Они не звонили в дверь, не стучали, просто вошли, впрочем, как входили и другие по установленным правилам еще с тех времен, когда такого рода практика особенно не поддерживалась законом. Итак, двое проникли в квартиру и бесшумно вошли в комнату - один высокий, другой пониже и поплотней.
- Включите свет, - сказала Евгения.
Зажегся свет. Один - длинный, худой, второй - пониже, основательный, коренастый, с квадратным лицом. Но глазки у этого второго суетливо бегали, и это как-то противоречило всей его основательной внешности.
- У вас зуб удалили два дня назад, - сказала Евгения Длинному. - А три года назад была язва, впрочем, она зарубцевалась.
От неожиданности Длинный отступил и ударился спиной о дверной косяк.
- У вас абсолютно все в порядке, но через несколько лет могут появиться проблемы, - сказала Евгения Коренастому.
- Какие? - усмехнулся Коренастый, и глазки его опять побежали, побежали, ощупывая комнату.

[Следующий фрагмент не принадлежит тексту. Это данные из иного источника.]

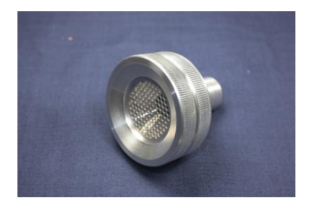
Aluminum Open-face Style

Filter Holder Types: Particulate Only • open face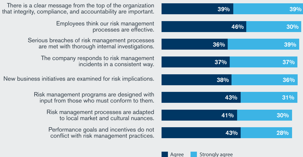
FIGURE 16 HOW DO ORGANIZATIONS PROMOTE A CULTURE OF INTEGRITY?

For most organizations, building a culture of integrity is an ongoing task, with each element at a different level of strength at any given time. Organizations can use a matrix to assess the state of their culture of integrity and prioritize areas requiring further work (see Figure 17).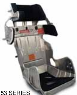
53 SERIES WITH HEAD AND SHOULDER UNITS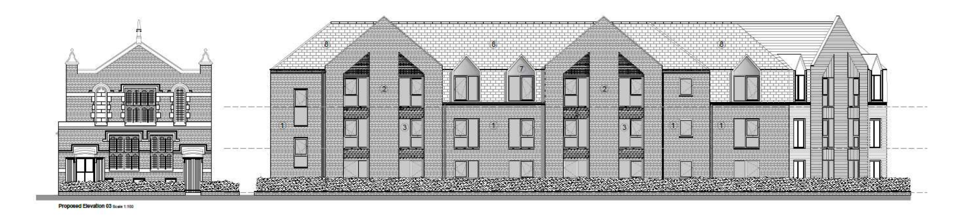
High Street Elevation (Revised)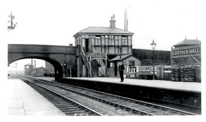
Lostock Hall Station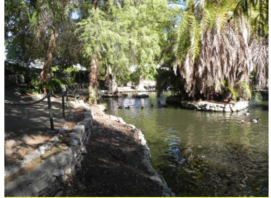
Location: 13 th Street and Weymouth Avenue Name: Averill Park Date: circa 1925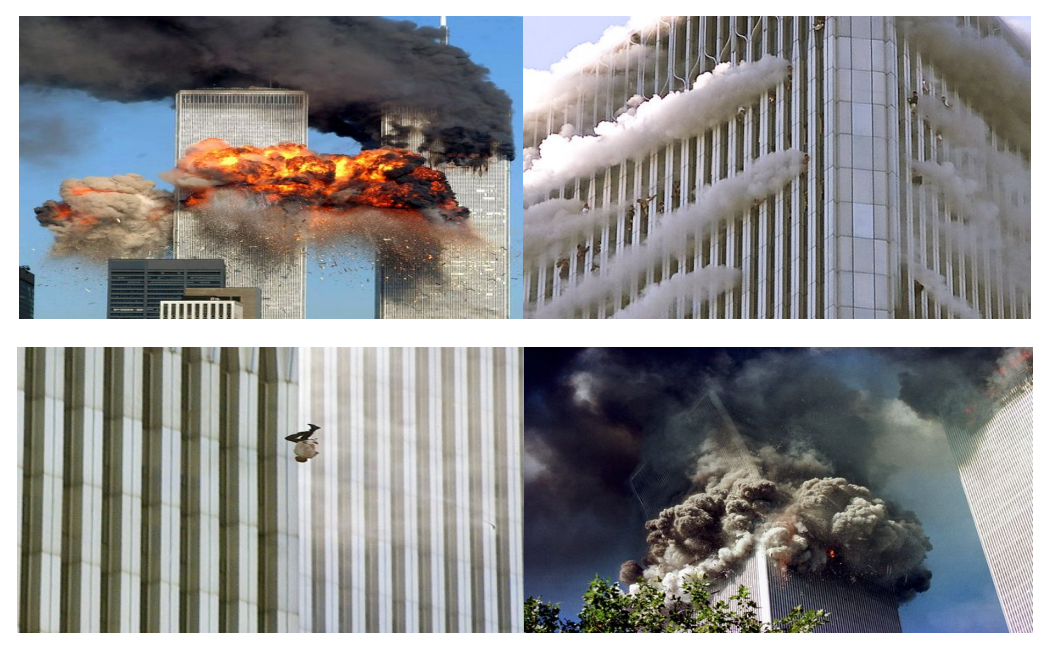
Figure 1. Images of 9/11, courtesy Getty Images

9/11/2001 is a day Westerners, especially American will never forget. It was a day when four planes were hijacked, two of which were flown into the World Trade Center towers, one was directed into the Pentagon building and the other was crashed in a field. The attacks were launched by the Muslim terrorist group Al-Qaeda which killed almost 3,000 people. Minutes after the crash into the World Trade Center and Pentagon, media outlets reported the atrocities. The 9/11 attacks became one of the most breathtaking media drama in history. Images of crashing the World Trade Center as the heart of America's symbolic power and Pentagon as the symbol of U.S military power abounded the media. Images of Twin Towers billowing with smoke and fire prior to their collapse, people fleeing the fire by hanging from the windows and jumping driven by the scorching temperatures and by the brink of fires, and the collapsing of the towers will forever remain ingrained in the memory of the public (Figure 1). They have been etched in the mind of many Americans. These images which became symbolic representation of terrorist attacks rose to iconic status as they possessed the strength to impact people and produce a public memory of the incident (Hatfield, 2006).

- Точно сказать не могу, - сказала Евгения. - Поговорим через несколько лет.
- Надо немного прокатиться, - сказал Коренастый. - Если будете хорошо себя вести, ничего плохого с вами не случится, - но в голосе его почувствовалось какое-то злое раздражение.
- Со мной ничего плохого и не случится, - сказала Евгения, спокойно надевая теплый жакет.
Окна были затемнены, и Евгения не видела, куда ее везут. Перед тем как выйти из машины, на глаза ей надели черную повязку. Длинный осторожно вел ее под руку и всякий раз, когда впереди были ступени, говорил:
- Осторожней, ступени... - и даже как-то немного приподнимал над землей.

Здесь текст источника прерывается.